Hi all,

I am new to Stata and a somewhat of statistics novice. I am working on a project where I am replicating the methodology of a study that analyzed trends in the number of emergency department (ED) visits over time. I am using the same dataset, in which each observation is a unique patient visit record (i.e., 1 row = 1 visit). In the original study, linear regression was used to assess the statistical significance in trends in the number of ED visits over the study period (1990-2009). With my project, I need to do the same, but for years 2010-2017.

I have been at a loss of how to do this in stata, as typically with linear regression you would declare both an independent and dependent variable (e.g., height and weight). I know that my independent variable would be Year, but how would I declare my dependent variable? The dependent variable would be the number of cases per year, which is actually a frequency and not a specific variable that I have set up.

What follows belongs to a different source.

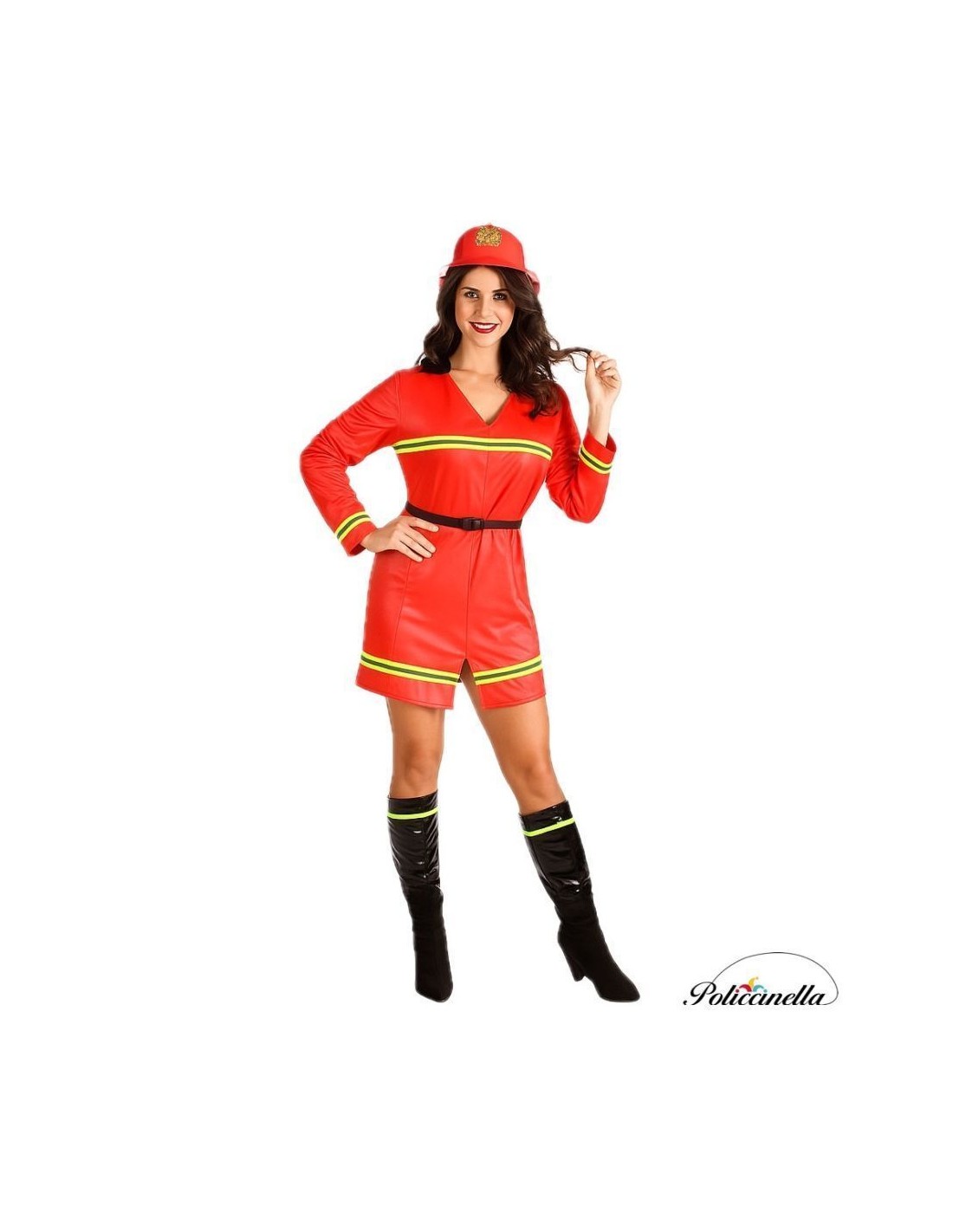 Ein tolles und vollständiges Feuerwehrkostüm von hoher Qualität, bestehend aus einem Kleid aus halbelastischem Strickstoff mit einer Lederoptik und einem lackähnlichen Kragen. Es verfügt über reflektierende Bänder (nicht fluoreszierend) auf der Brust, den Ärmeln und am Saum. Enthalten sind auch Stiefelstulpen aus lackähnlichem Material, verziert mit denselben Bändern, um ein harmonisches Ensemble zu schaffen. Abgerundet wird das Kostüm mit einem optionalen Nylon-Gürtel mit Schnalle zur Taillenregulierung.
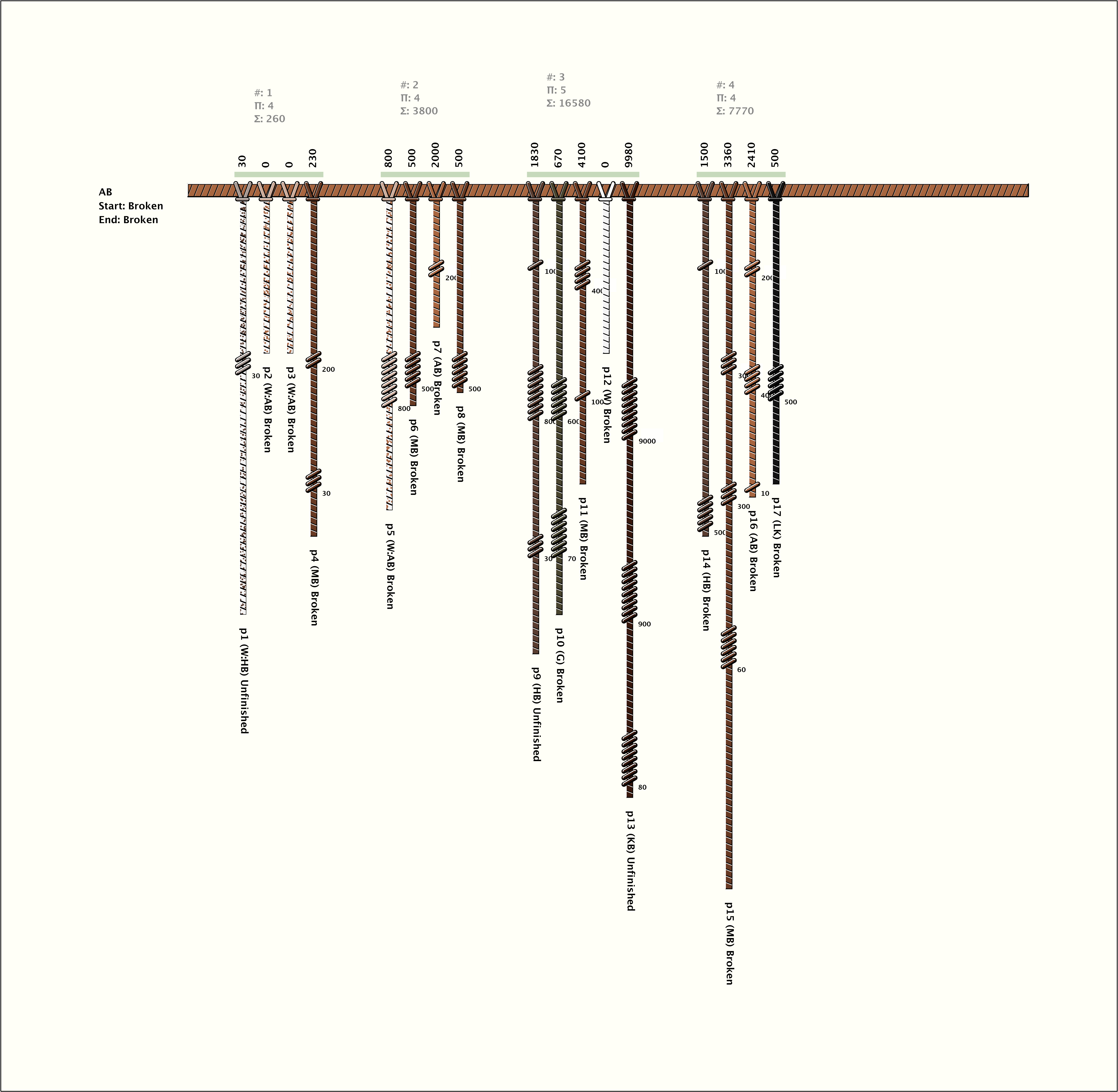Total Number of Cords: 17 Number of Ascher Cord Colors: 9 Similar Khipu: Previous (UR154) Next (HP021) Catalog: UR162 Khipu Notes: |

The only way I could think to do this was to run a frequency on year, and then create a new dataset with year as the independent variable and count and the dependent variable:

svy: tab Year
Year Count
2010 5269
2011 5902
2012 6793
2013 7212
2014 7094
2015 5070
2016 9186
2017 10586

Then, with the new dataset:


Array

Is this totally the wrong way to do this? Is there a way to do this from within my original dataset? I feel like it should be simple, but I've had researched extensively and can't figure it out.